[Extracted material]:
****

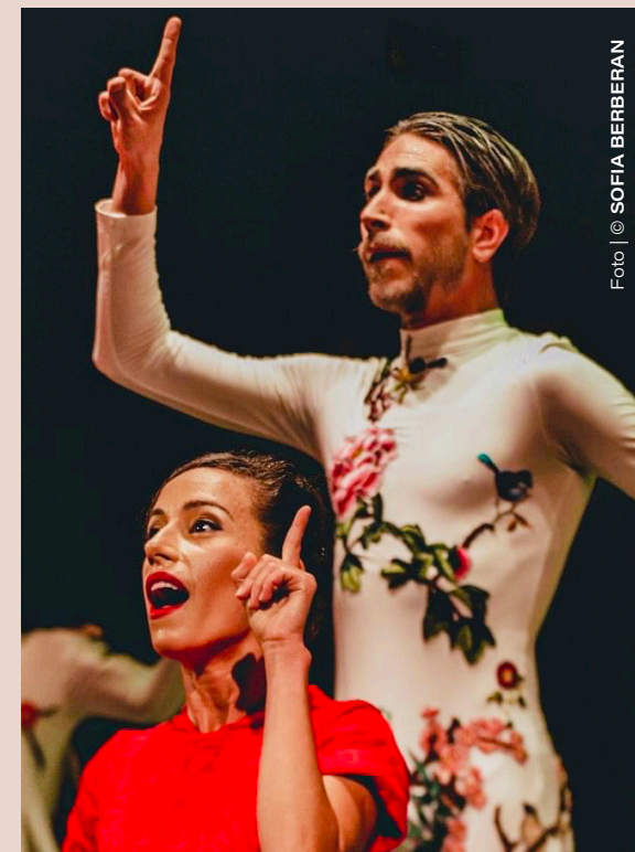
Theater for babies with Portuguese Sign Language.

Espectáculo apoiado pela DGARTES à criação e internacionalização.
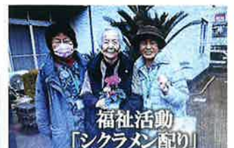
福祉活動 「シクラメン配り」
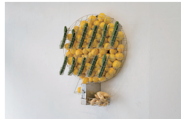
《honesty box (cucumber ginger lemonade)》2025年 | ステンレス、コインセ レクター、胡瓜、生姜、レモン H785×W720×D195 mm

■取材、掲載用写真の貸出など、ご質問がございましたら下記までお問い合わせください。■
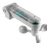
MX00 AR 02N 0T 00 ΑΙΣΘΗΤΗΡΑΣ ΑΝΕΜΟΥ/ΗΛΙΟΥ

****

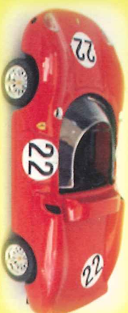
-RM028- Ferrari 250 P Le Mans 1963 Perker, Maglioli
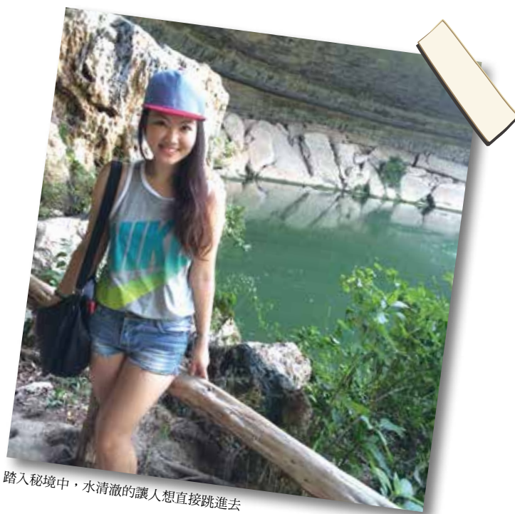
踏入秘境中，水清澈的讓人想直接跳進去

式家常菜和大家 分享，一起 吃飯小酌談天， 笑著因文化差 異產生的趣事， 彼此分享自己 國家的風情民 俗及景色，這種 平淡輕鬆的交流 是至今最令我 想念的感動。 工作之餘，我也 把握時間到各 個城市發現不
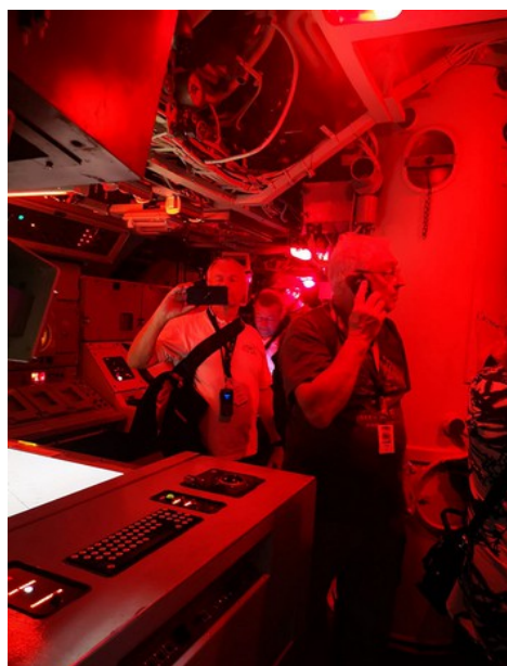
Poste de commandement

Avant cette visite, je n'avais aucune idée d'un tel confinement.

****

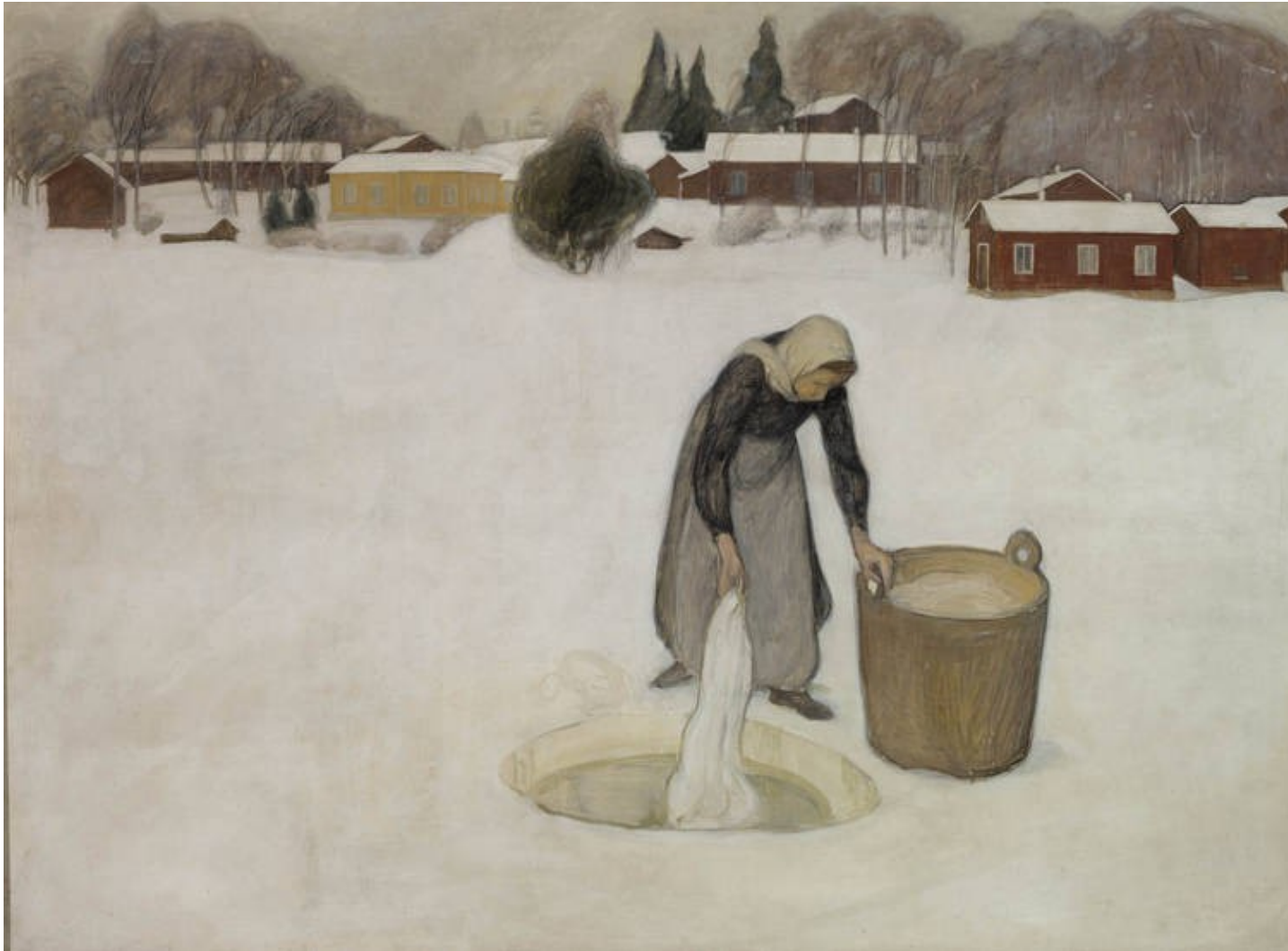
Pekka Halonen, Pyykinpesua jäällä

****

Using the entries above, write out exactly the lines from the one with "レクター、胡瓜、生姜、レモン H785×W720×D195 mm" through the one with "MX00 AR 02N 0T 00 ΑΙΣΘΗΤΗΡΑΣ ΑΝΕΜΟΥ/ΗΛΙΟΥ", ends included. Leave out any pictures.

《honesty box (cucumber ginger lemonade)》2025年 | ステンレス、コインセ レクター、胡瓜、生姜、レモン H785×W720×D195 mm

■取材、掲載用写真の貸出など、ご質問がございましたら下記までお問い合わせください。■
MX00 AR 02N 0T 00 ΑΙΣΘΗΤΗΡΑΣ ΑΝΕΜΟΥ/ΗΛΙΟΥ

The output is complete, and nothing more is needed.